Just as Olivia storms off, the universe delivers the most relatable plot twist: walls of unyielding black bricks magically appear, sealing every exit. Her reaction? Blame Tim. His reaction? Defend his innocence. The audience’s reaction? Check how long is left in the movie.
🔨 The “Thrills”
Instead of suspense, we’re treated to:
- Endless arguing (because one fight wasn’t enough).
- A montage of hammering, drilling, and sawing at the wall.
- And the brick wall, which remains undefeated.

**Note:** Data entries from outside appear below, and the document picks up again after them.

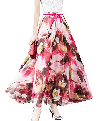 -. Title : ELPIS レディース レトロ エレガント きれいめ 大判 花柄 フラワー プリント シフォン マキシ丈 ギャザー フレア スカート ウエスト ゴム カラフル 6色 M L XL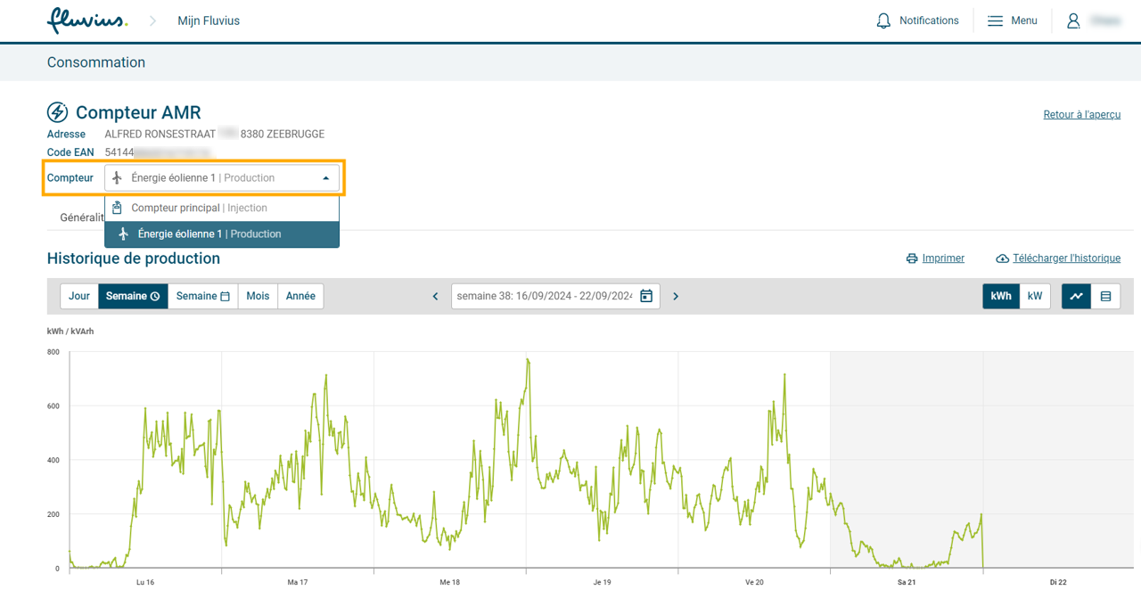 Non, contrairement aux compteurs numériques ordinaires, où nous affichons les données de mesure par compteur, Mijn Fluvius n'offre que les données de mesure au niveau de l'EAN pour les compteurs AMR. C'est la solution la plus logique pour les compteurs AMR et c'est également de cette manière que nous envoyons les données à votre fournisseur d'énergie. L'interprétation correcte des données de mesure au niveau du compteur nécessite un grand nombre de facteurs supplémentaires, que nous ne pouvons pas partager avec l'utilisateur au niveau de chaque compteur.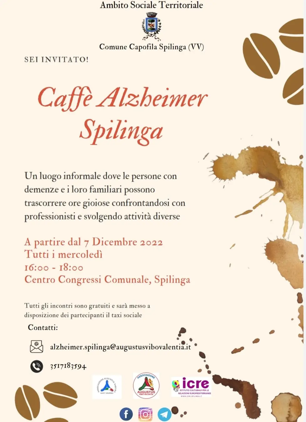Un luogo dove confrontarsi sulle tematiche relative all’Alzheimer e malattie neurodegenerative. Uno spazio dove realizzare incontri informali ma strutturati rivolti al paziente, ai familiari o caregiver. Strumenti utili, in sintesi, che integrano i servizi pensati a queste categorie fragili. Su tali presupposti, domenica 20 novembre alle ore 10.30, a Spilinga si terrà la giornata di inaugurazione del servizio Caffè Alzheimer. Il progetto è frutto della sinergia messa in atto dal Comune di Spilinga, capofila dell’Ambito sociale territoriale n. 3, e le Associazioni Prociv Augustus Vibo Valentia – Icre Istituto culturale per le relazioni euromediterranee – Augustus Sakura Sant’Onofrio. [Continua in basso]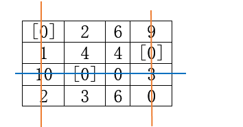 6.在0对应的行列中 只选一个0元素对应的值就是最小值。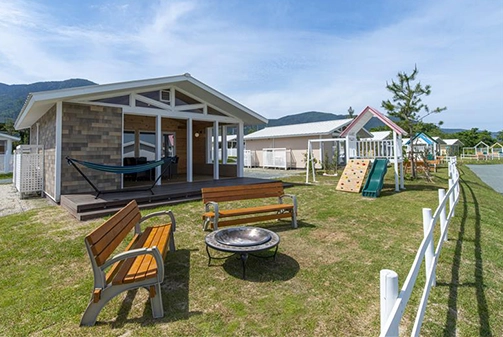 施設内の植栽や石積みは、地元の造園業者や石材職人に協力していただき、近江舞子の風土を感じられるよう設計。アウトドアリゾートの整備を通じて、近江舞子の豊かな自然を守りながら、にぎわいで地域の暮らしや営みにも持続性をもたらすことを目指しています。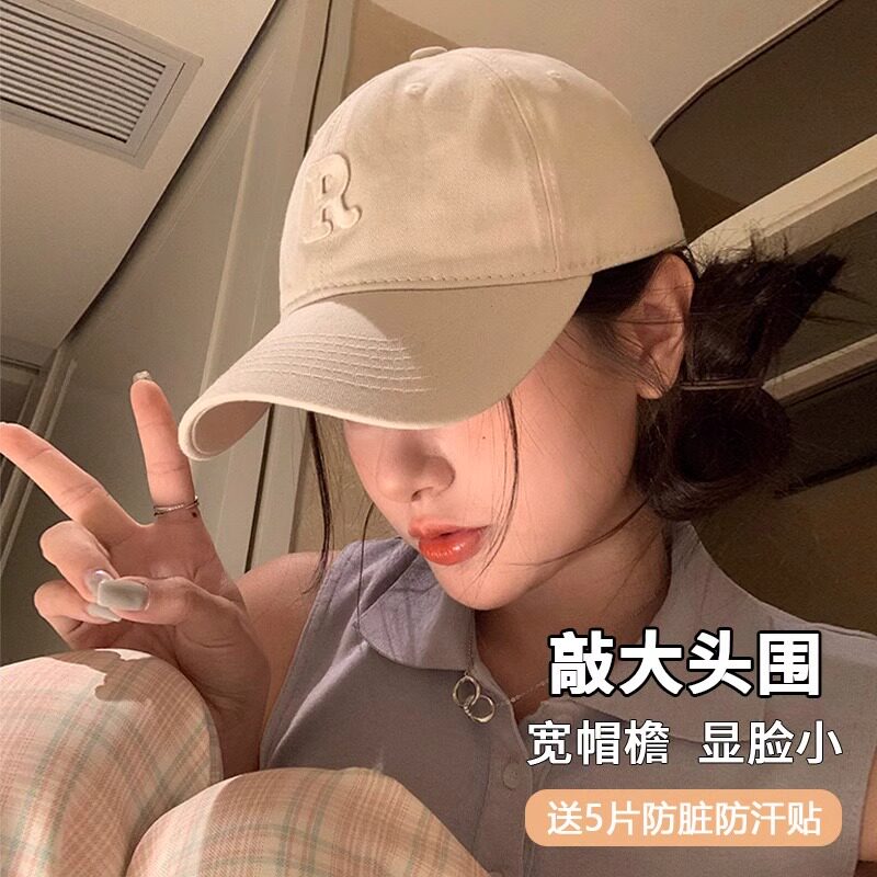 美式复古字母灰色棒球帽女高级感宽檐大头围显脸小百搭鸭舌帽子男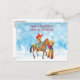 Diese fröhliche Karte verfügt über ein montiertes Cowgirl und einen Cowboy in einer verschneiten Landschaft.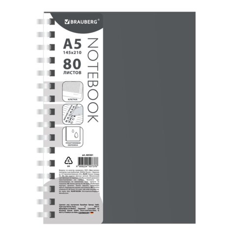 Тетрадь обложка пластик, А5 80 л., гребень мягкий (силиконовый), клетка, BRAUBERG, серый, 405361

Even when the plot introduces equally doomed neighbors, the pacing never shifts beyond “Sunday afternoon walk.” They dig, they fight, they philosophize, they… continue existing.
💔 The Emotional Core (Or Lack Thereof)
Somewhere under the rubble lies the film’s Big Idea™: rebuilding love during an apocalypse. But instead of tension or catharsis, we get… conversation. Lots of it. The closest thing to real stakes arrives when a neighbor squeezes through a temporarily “soft” wall—only to be snapped in half when it hardens again.
It should have been shocking. It was, for about three seconds—until the camera quickly cut away, as if the movie itself was embarrassed for daring to show emotion.
🎭 Final Verdict
Bricks wants to be a profound, philosophical metaphor about love, isolation, and survival. Instead, it’s a two-hour stage play disguised as a thriller, with actors who look like they’re rehearsing their lines mid-take.
The premise is brilliant. The execution? As lifeless as the titular wall.
⭐ 2/5 Bricks
Watch only if:
- You’re stuck indoors yourself.
- You want to test your patience.
- Or you’re writing a blog review that needs satire. 😉
Otherwise? Skip. There are better walls out there. (Looking at you, Pink Floyd.)